# ASSIGNMENT:
Reproduce each of the following records without any deviation.

----- DATA FOR ANALYSIS -----

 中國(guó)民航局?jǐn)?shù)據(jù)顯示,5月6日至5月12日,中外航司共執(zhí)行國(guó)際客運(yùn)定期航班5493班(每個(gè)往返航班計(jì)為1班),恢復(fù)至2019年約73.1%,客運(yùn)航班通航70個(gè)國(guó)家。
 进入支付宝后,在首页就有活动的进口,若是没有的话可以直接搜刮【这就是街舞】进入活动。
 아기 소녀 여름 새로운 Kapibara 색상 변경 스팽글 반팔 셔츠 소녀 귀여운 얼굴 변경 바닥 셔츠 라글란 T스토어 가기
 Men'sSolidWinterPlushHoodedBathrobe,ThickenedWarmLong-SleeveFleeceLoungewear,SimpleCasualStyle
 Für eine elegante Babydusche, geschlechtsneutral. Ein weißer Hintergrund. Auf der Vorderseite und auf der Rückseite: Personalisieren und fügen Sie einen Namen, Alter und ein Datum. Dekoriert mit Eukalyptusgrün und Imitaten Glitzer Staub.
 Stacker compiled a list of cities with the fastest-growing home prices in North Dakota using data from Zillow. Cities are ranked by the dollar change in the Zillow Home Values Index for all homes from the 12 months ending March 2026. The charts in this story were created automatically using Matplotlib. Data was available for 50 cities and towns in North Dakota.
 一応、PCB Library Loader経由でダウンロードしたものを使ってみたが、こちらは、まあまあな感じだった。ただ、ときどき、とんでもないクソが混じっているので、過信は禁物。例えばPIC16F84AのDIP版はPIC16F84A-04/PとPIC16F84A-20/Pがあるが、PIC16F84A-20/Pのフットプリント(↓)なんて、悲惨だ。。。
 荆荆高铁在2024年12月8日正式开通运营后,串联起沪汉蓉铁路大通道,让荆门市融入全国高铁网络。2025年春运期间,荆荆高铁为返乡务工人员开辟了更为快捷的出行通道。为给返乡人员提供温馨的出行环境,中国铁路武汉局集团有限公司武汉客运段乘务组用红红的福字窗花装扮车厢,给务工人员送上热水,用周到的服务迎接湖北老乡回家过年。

-----

# COMPLETED EXERCISE:
 中國(guó)民航局?jǐn)?shù)據(jù)顯示,5月6日至5月12日,中外航司共執(zhí)行國(guó)際客運(yùn)定期航班5493班(每個(gè)往返航班計(jì)為1班),恢復(fù)至2019年約73.1%,客運(yùn)航班通航70個(gè)國(guó)家。
 进入支付宝后,在首页就有活动的进口,若是没有的话可以直接搜刮【这就是街舞】进入活动。
 아기 소녀 여름 새로운 Kapibara 색상 변경 스팽글 반팔 셔츠 소녀 귀여운 얼굴 변경 바닥 셔츠 라글란 T스토어 가기
 Men'sSolidWinterPlushHoodedBathrobe,ThickenedWarmLong-SleeveFleeceLoungewear,SimpleCasualStyle
 Für eine elegante Babydusche, geschlechtsneutral. Ein weißer Hintergrund. Auf der Vorderseite und auf der Rückseite: Personalisieren und fügen Sie einen Namen, Alter und ein Datum. Dekoriert mit Eukalyptusgrün und Imitaten Glitzer Staub.
 Stacker compiled a list of cities with the fastest-growing home prices in North Dakota using data from Zillow. Cities are ranked by the dollar change in the Zillow Home Values Index for all homes from the 12 months ending March 2026. The charts in this story were created automatically using Matplotlib. Data was available for 50 cities and towns in North Dakota.
 一応、PCB Library Loader経由でダウンロードしたものを使ってみたが、こちらは、まあまあな感じだった。ただ、ときどき、とんでもないクソが混じっているので、過信は禁物。例えばPIC16F84AのDIP版はPIC16F84A-04/PとPIC16F84A-20/Pがあるが、PIC16F84A-20/Pのフットプリント(↓)なんて、悲惨だ。。。
 荆荆高铁在2024年12月8日正式开通运营后,串联起沪汉蓉铁路大通道,让荆门市融入全国高铁网络。2025年春运期间,荆荆高铁为返乡务工人员开辟了更为快捷的出行通道。为给返乡人员提供温馨的出行环境,中国铁路武汉局集团有限公司武汉客运段乘务组用红红的福字窗花装扮车厢,给务工人员送上热水,用周到的服务迎接湖北老乡回家过年。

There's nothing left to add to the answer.